The Shanghai Futures Exchange amplified the move. The most-active SHFE contract hit an intraday record of 110,970 yuan and closed the daytime session up 6.7% at 109,110 yuan, about $15,708.77, according to Economies.com and The Globe and Mail. Trading volumes surged across Asian venues, with market commentators pointing to large leveraged positioning and heightened activity in China as the immediate catalyst.
Analysts and reporters framed the spike as driven more by financial flows than by a sudden tightening in physical markets. Reuters described the move as "driven largely by speculative buying, particularly from China, and by concerns around mine disruptions." Neil Welsh of Britannia Global Markets captured the market psychology in a research note: "Copper recorded its biggest daily gain in years, driven by intense speculative activity from bullish investors in China." He added that "Investors are flowing into base metals on expectations of stronger economic growth in the United States, and increased global spending on data centers, robotics, and energy infrastructure."

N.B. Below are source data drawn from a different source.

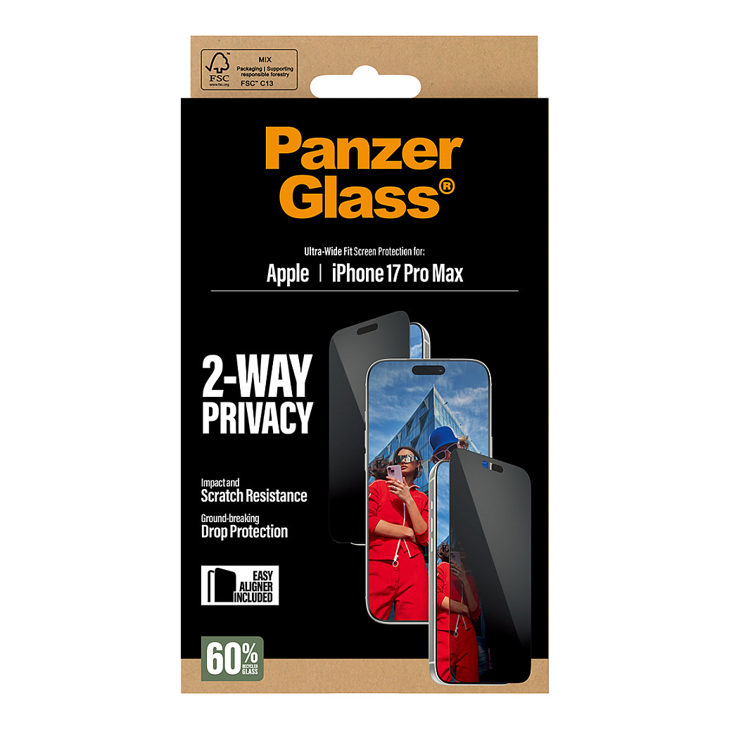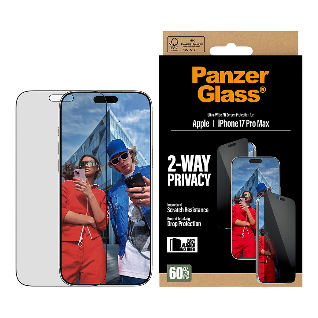The PanzerGlass 2-Way Privacy Screen Protector for iPhone 17 Pro Max is an exceptional tempered glass accessory that provides top-notch protection for your device's screen. What sets it apart is its 2-way privacy filtering feature, which makes content on your screen virtually invisible from side angles, making it the perfect choice for public spaces such as trains or offices.
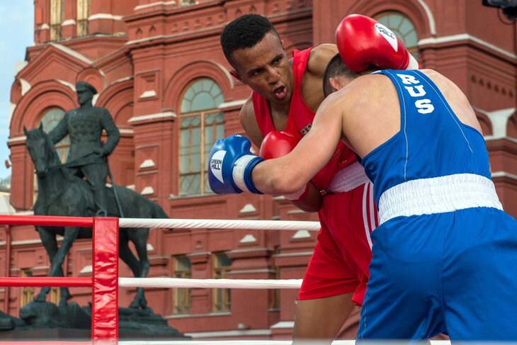 День бокса отметили в центре Москвы. Мероприятие состоялось накануне прямо у стен Кремля, на Манежной площади.
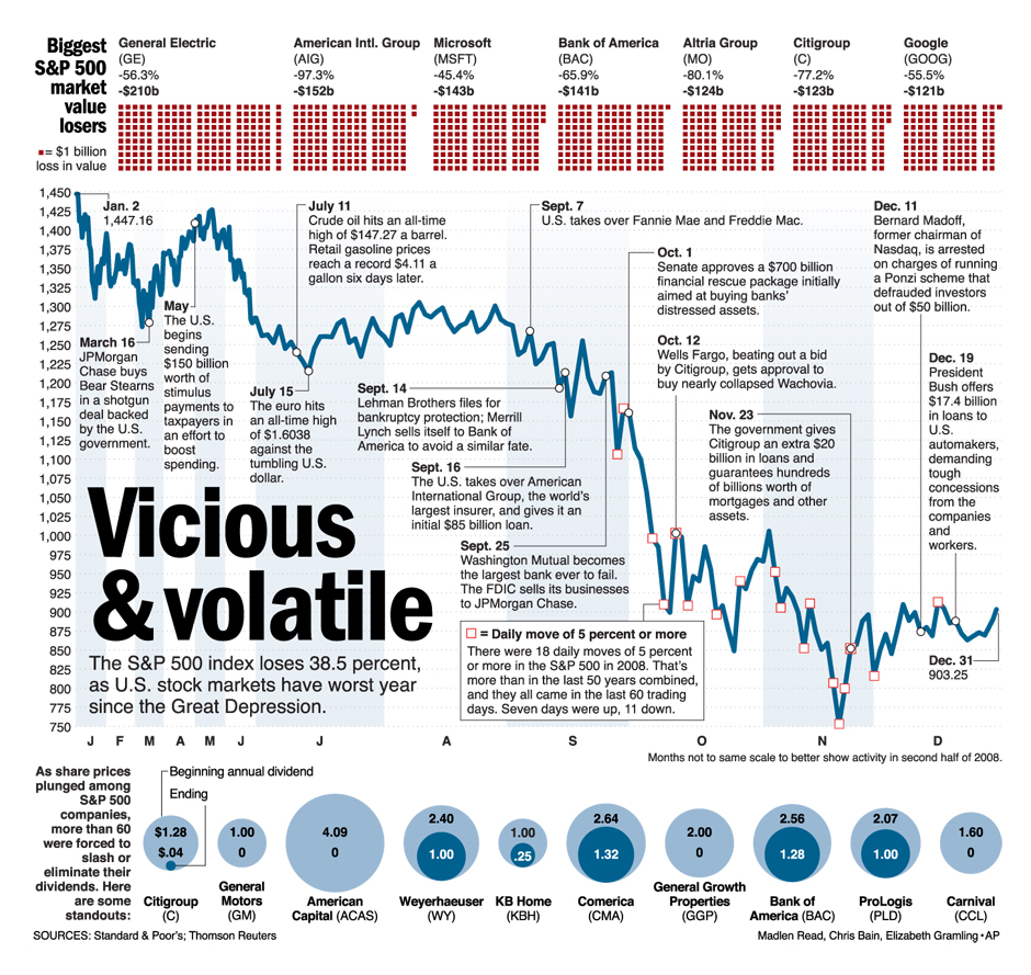 Year-end infographic Published August 31, 2012 at 940 × 889 in Home ← Previous Next → This year-end centerpiece graphic for The Associated Press captures the volatility of the U.S. stock markets in 2008. Like Loading...

Yet key physical indicators painted a different picture. The Yangshan copper premium, a proxy for Chinese spot import demand, fell to $20 per ton on Wednesday, its lowest level since July 2024 and markedly down from $55 in December. Economies.com also noted that exchange-monitored global inventories remain elevated, particularly in the United States. Several outlets warned that the divergence between record futures prices and weak physical demand raises the risk that the rally is not fully supported by current supply-and-demand fundamentals and could curb real industrial buying.
The price spikes rippled across other base metals. The Globe and Mail reported tin touched an intraday record of $59,040 a ton before retreating to $54,540, LME aluminium climbed to $3,356 then fell back to $3,222, zinc strengthened to $3,412, nickel surged to an intraday $19,150 before easing to $18,355, and lead dipped to $2,012.

For markets and policymakers the episode underlines two tensions. First, pass-through from commodity spikes to consumer inflation is a risk if elevated metals prices persist, complicating central bank trajectories even as dollar weakness and geopolitical tensions encourage flows into hard assets. The Globe and Mail highlighted a weaker U.S. dollar index near multi-year lows as supportive of the move. Second, the event spotlights structural demand drivers: copper remains essential to electrification and infrastructure and China consumes roughly half of global output, but near-term industrial buyers may balk at the higher nominal prices.
With intraday whipsaws and conflicting settlement figures reported across outlets, traders and regulators will watch whether the surge induces position unwinds or prompts a return to fundamentals. If the rally is sustained by financial positioning rather than stronger physical consumption, prices could reverse sharply once industrial demand reasserts itself.